Organizers of Tuesday's Keep Out Kagan
Day steer clear from calling Kagan pro-gay or a radical
nominee as social conservatives have alleged but insist she's bad
for the bench because she doesn't support “Don't Ask, Don't Tell.”
In a promotional piece for the event,
the Young
America's Foundation lists its objections to Kagan, half of which
refer to her position on DADT.
The group claims Kagan enacted an
“Apartheid system” which prevented students from meeting with
military recruiters at Harvard Law School while serving as the
school's dean. Also listed is Kagan's amicus brief to the Supreme
Court against the Solomon Amendment, legislation crafted by Congress
that punishes colleges and universities that attempt to limit access
of military recruiters on campuses.
“During her time at Harvard Law
School she took away students' rights. Taking all these into account
it's safe to say she's wrong on students' rights, government
censorship and the military's right to recruit on college campuses,”

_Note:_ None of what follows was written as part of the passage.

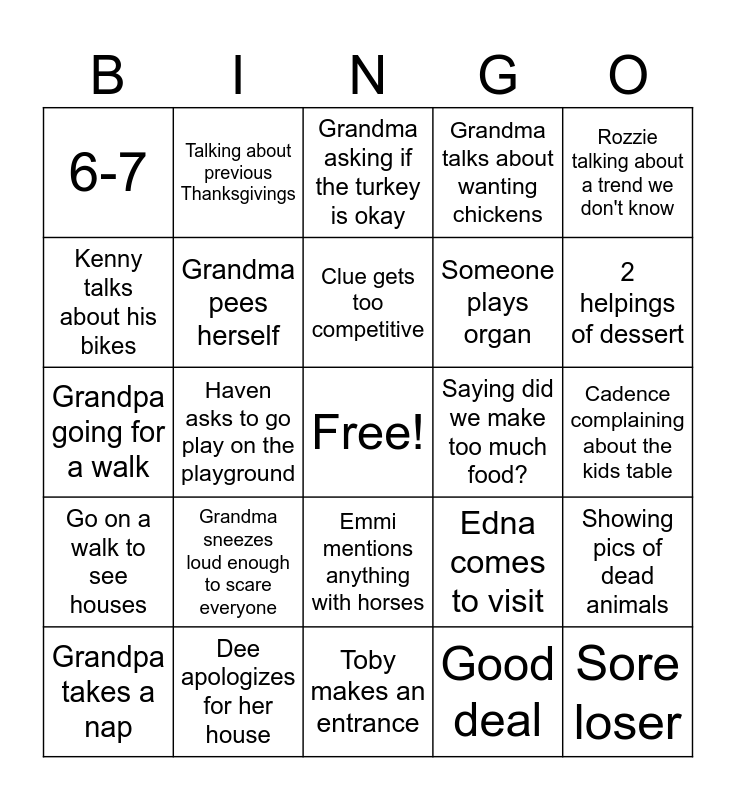 This bingo card has a free space and 24 words: Grandpa takes a nap, Grandma sneezes loud enough to scare everyone, Clue gets too competitive, Good deal, Rozzie talking about a trend we don't know, 6-7, Talking about previous Thanksgivings, Grandma asking if the turkey is okay, Saying did we make too much food?, Cadence complaining about the kids table, Grandpa going for a walk, Grandma pees herself, Edna comes to visit, Showing pics of dead animals, Kenny talks about his bikes, Dee apologizes for her house, Toby makes an entrance, Grandma talks about wanting chickens, 2 helpings of dessert, Go on a walk to see houses, Haven asks to go play on the playground, Emmi mentions anything with horses, Someone plays organ and Sore loser.

Evan Gassman, spokesman for Young America's Foundation, said.
Kagan called DADT “a profound wrong –
a moral injustice of the first order,” in an email to faculty and
students. She joined other law schools in their objection to the
Solomon Amendment, which threatens to deny federal grants to
institutions of higher learning if they refuse military recruiters on
campus.
But thousands of documents, including
emails, from the two years Kagan served as an adviser to former
President Bill Clinton reveal few opinions from Kagan on “Don't
Ask,” the New York Times reported Friday.
Opponents of gay marriage have also
attacked the nominee. The National Organization for Marriage (NOM)
has alleged that as solicitor general Kagan purposefully filed a weak
legal defense to the Defense of Marriage Act (DOMA), the 1996 law
that defines marriage as a heterosexual union for federal agencies.
“The brief that Elena Kagan filed as
solicitor general on DOMA explicitly and gratuitously rejected the
key legal defense for marriage as the union of husband and wife –
that such unions uniquely protect children by encouraging responsible
procreation,” Brain Brown, president of NOM, said in a statement.
“Kagan's brief was designed to, and
in fact will, undermine the legal defense of marriage currently
before the federal courts,” he added, referring
to three legal challenges currently wending their way through the
federal court system.
The Senate Judiciary Committee is
scheduled to start confirmation hearings on June 28.